▸ PROBLEM TO SOLVE: Keep images out and repeat all data exactly.
···
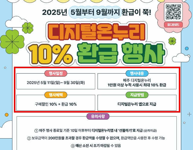 디지털 온누리상품권의 장점을 제대로 누리려면 충전 할인, 정기 환급, 특별재난지역 환급을 동시에 활용하는 전략이 필요합니다. 매주 일정 금액 이상 사용하여 환급을 챙기고, 거주 지역이 특별재난지역에 해당된다면 반드시 추가 환급까지 받아야 합니다. 또한 보유 한도가 200만 원이므로 충전 및 사용 계획을 철저히 관리해야 합니다.
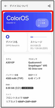 ColorOS 13(Android 13)からColorOS 14(Android 14)へのバージョンアップ手順を説明します。
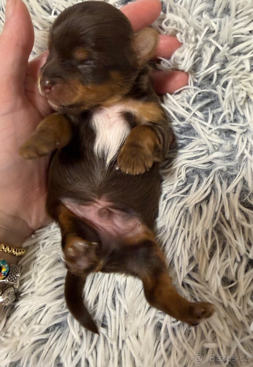 Jorkšírsky teriér s PP fenka Choco tan - čokoláda s pálením - [20.12. 2025]Jsme malá Rodinná chovatelská stanice Princess ‘Daisy dear JesMin. Nabízíme k prodeji miminka z dvou vrhů Yorkshire terrier s PP.
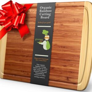 - NATURAL LOOK: This Bamboo kitchen cutting board has an attractive two-tone design that makes great gifts for Housewarming, Weddings, Christmas, Birthdays, Thanksgiving, Mother’s & Father’s Day, etc.
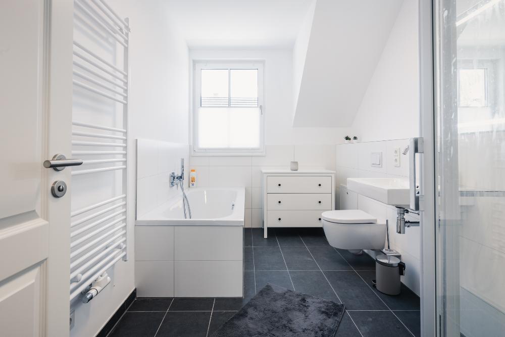 - Badezimmer: mit Badewanne, mit Dusche, mit Fenster
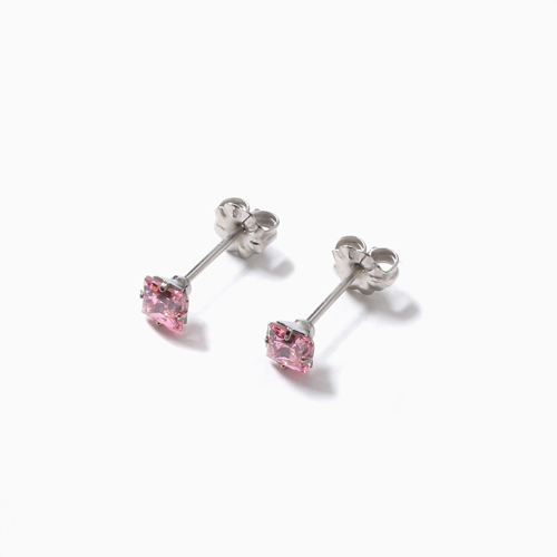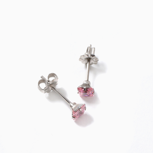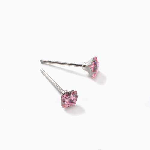 スワロフスキー ピアス 純チタン ダイヤモンドカラー 4mm プラチナ イオンコーティング プリンセスカット ピンク ダイヤモンドカラー クリックポスト便対応
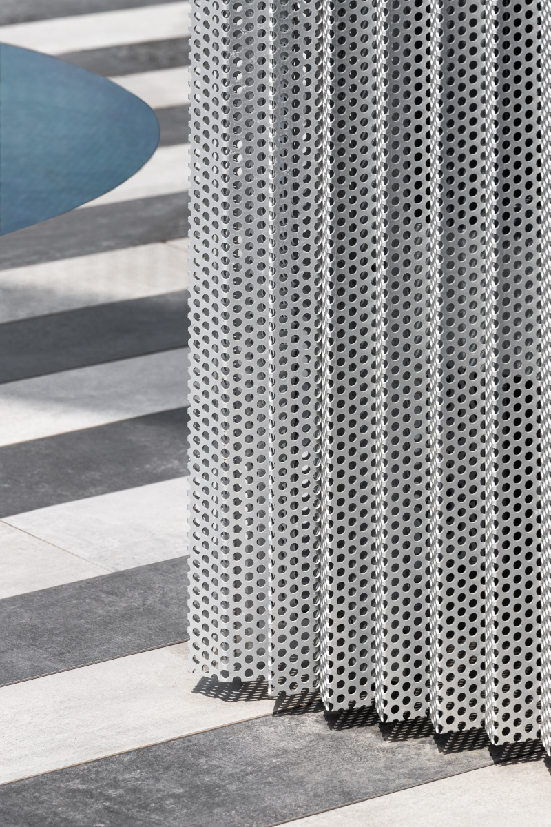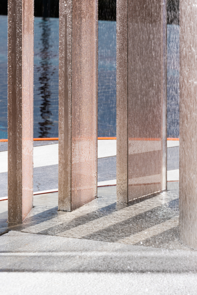 Il racconto fotografico dello studio Delfino Sisto Legnani (DSL Studio), con una forte impronta artistica, propone una chiave di lettura delle caratteristiche più significative del progetto: le riflessioni e le trasparenze dell'acqua e dei materiali, le cromie accese e quelle più pacate delle texture delle superfici, le forme circolari e le geometrie scansite da linee parallele.
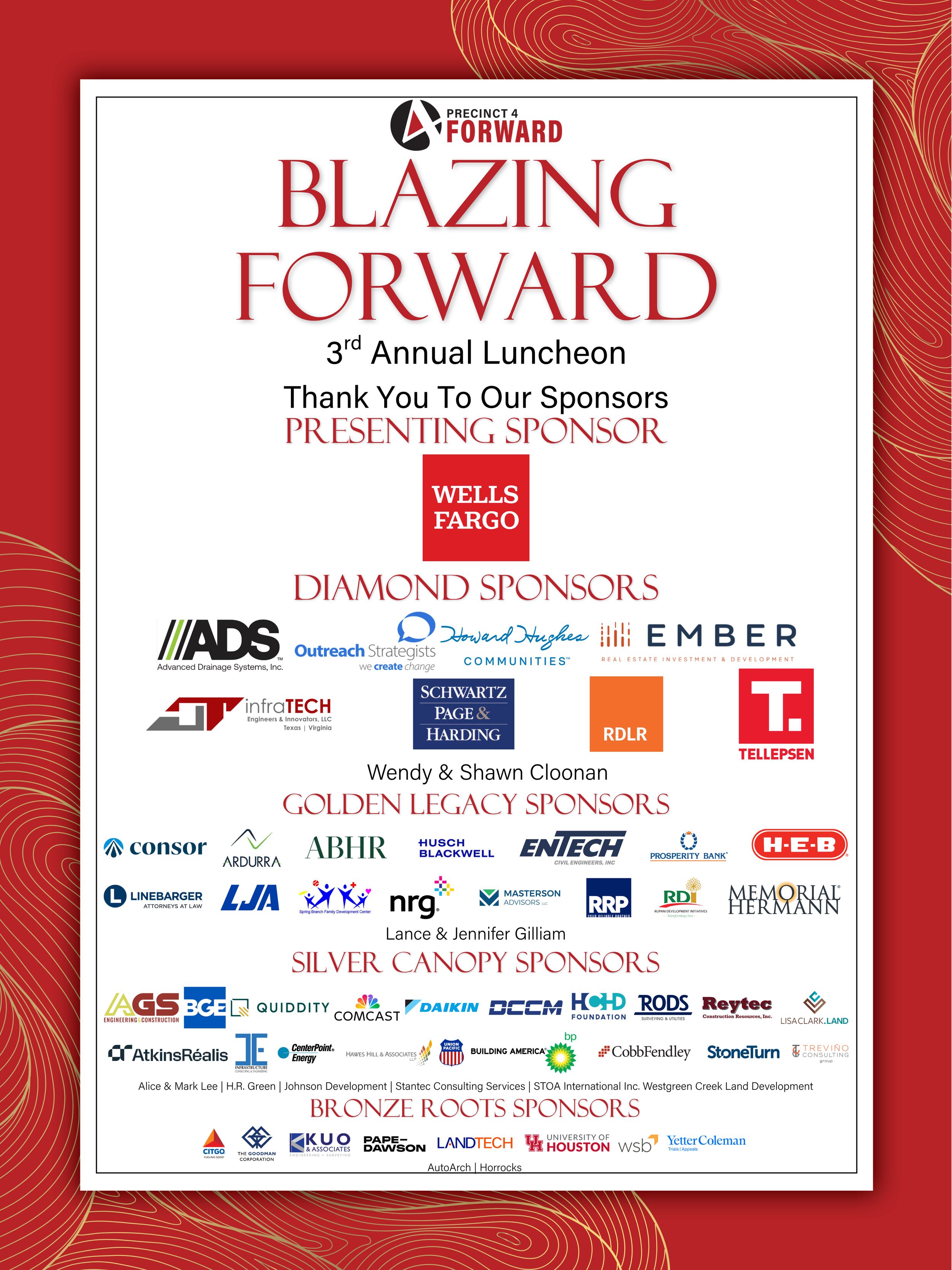 Commissioner Lesley Briones celebrated three years of Precinct4Forward, the nonprofit arm of Harris County Precinct 4, at the annual Blazing Forward Luncheon. Precinct4Forward has launched 14 programs that have served more than 26,000 people in Harris County.
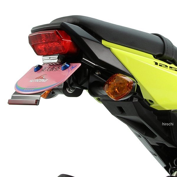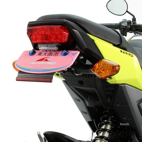 ハリケーン フェンダーレスキット16年 ホンダ グロムMSX125SFカラー:黒素材:アルミ製(ベースプレート)ボルトオン別途リフレクターが必要サイドまでカバーした形状ナンバー角度は現行基準に合わせた45度に設定しています。新基準適応のH33.4.1以降新規登録車両はご注意ください。ノーマルウインカー使用可
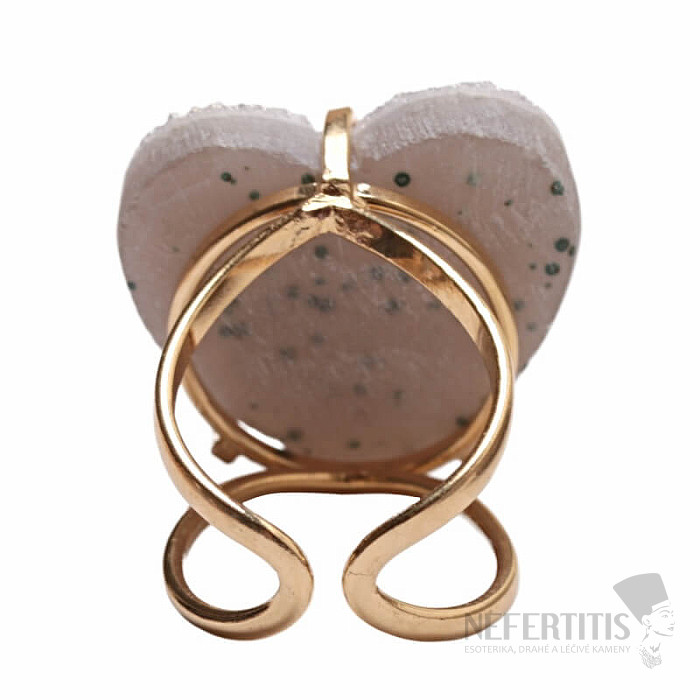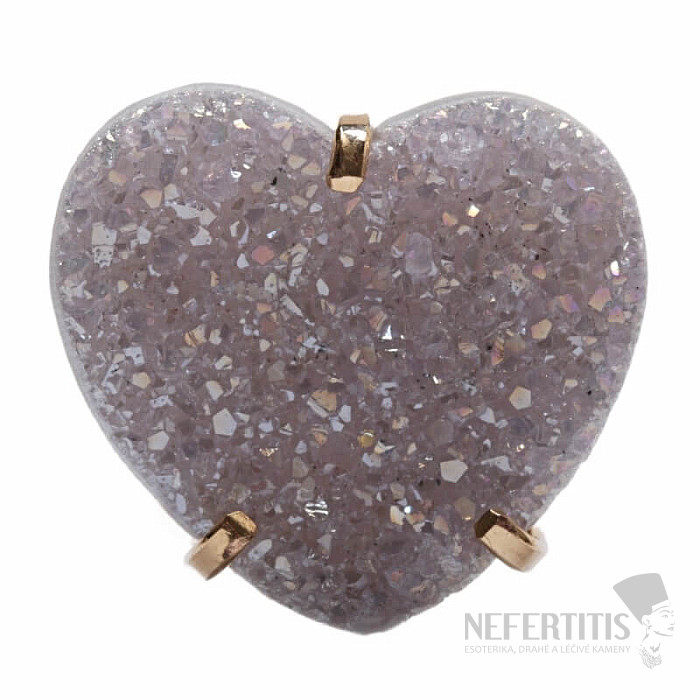 Objavte kúzlo elegancie s týmto pozláteným prsteňom, ktorého dominantou je drúza z achátu v tvare srdca s aqua aura efektom, ktorý vznikne nanesením tenkej vrstvy kovu. Drúza sa tak krásne trblieta. Každý kameň je originál. Achát je kameňom ochrany, sily a harmónie a skvele podčiarkne vašu osobnosť. Materiál: prírodný kameň, pozlátená mosadz. Kupujete priamo vyobrazený prsteň.
···
▸ SOLUTION TO THIS TASK:
 디지털 온누리상품권의 장점을 제대로 누리려면 충전 할인, 정기 환급, 특별재난지역 환급을 동시에 활용하는 전략이 필요합니다. 매주 일정 금액 이상 사용하여 환급을 챙기고, 거주 지역이 특별재난지역에 해당된다면 반드시 추가 환급까지 받아야 합니다. 또한 보유 한도가 200만 원이므로 충전 및 사용 계획을 철저히 관리해야 합니다.
 ColorOS 13(Android 13)からColorOS 14(Android 14)へのバージョンアップ手順を説明します。
 Jorkšírsky teriér s PP fenka Choco tan - čokoláda s pálením - [20.12. 2025]Jsme malá Rodinná chovatelská stanice Princess ‘Daisy dear JesMin. Nabízíme k prodeji miminka z dvou vrhů Yorkshire terrier s PP.
 - NATURAL LOOK: This Bamboo kitchen cutting board has an attractive two-tone design that makes great gifts for Housewarming, Weddings, Christmas, Birthdays, Thanksgiving, Mother’s & Father’s Day, etc.
 - Badezimmer: mit Badewanne, mit Dusche, mit Fenster
 スワロフスキー ピアス 純チタン ダイヤモンドカラー 4mm プラチナ イオンコーティング プリンセスカット ピンク ダイヤモンドカラー クリックポスト便対応
 Il racconto fotografico dello studio Delfino Sisto Legnani (DSL Studio), con una forte impronta artistica, propone una chiave di lettura delle caratteristiche più significative del progetto: le riflessioni e le trasparenze dell'acqua e dei materiali, le cromie accese e quelle più pacate delle texture delle superfici, le forme circolari e le geometrie scansite da linee parallele.
 Commissioner Lesley Briones celebrated three years of Precinct4Forward, the nonprofit arm of Harris County Precinct 4, at the annual Blazing Forward Luncheon. Precinct4Forward has launched 14 programs that have served more than 26,000 people in Harris County.
 ハリケーン フェンダーレスキット16年 ホンダ グロムMSX125SFカラー:黒素材:アルミ製(ベースプレート)ボルトオン別途リフレクターが必要サイドまでカバーした形状ナンバー角度は現行基準に合わせた45度に設定しています。新基準適応のH33.4.1以降新規登録車両はご注意ください。ノーマルウインカー使用可
 Objavte kúzlo elegancie s týmto pozláteným prsteňom, ktorého dominantou je drúza z achátu v tvare srdca s aqua aura efektom, ktorý vznikne nanesením tenkej vrstvy kovu. Drúza sa tak krásne trblieta. Každý kameň je originál. Achát je kameňom ochrany, sily a harmónie a skvele podčiarkne vašu osobnosť. Materiál: prírodný kameň, pozlátená mosadz. Kupujete priamo vyobrazený prsteň.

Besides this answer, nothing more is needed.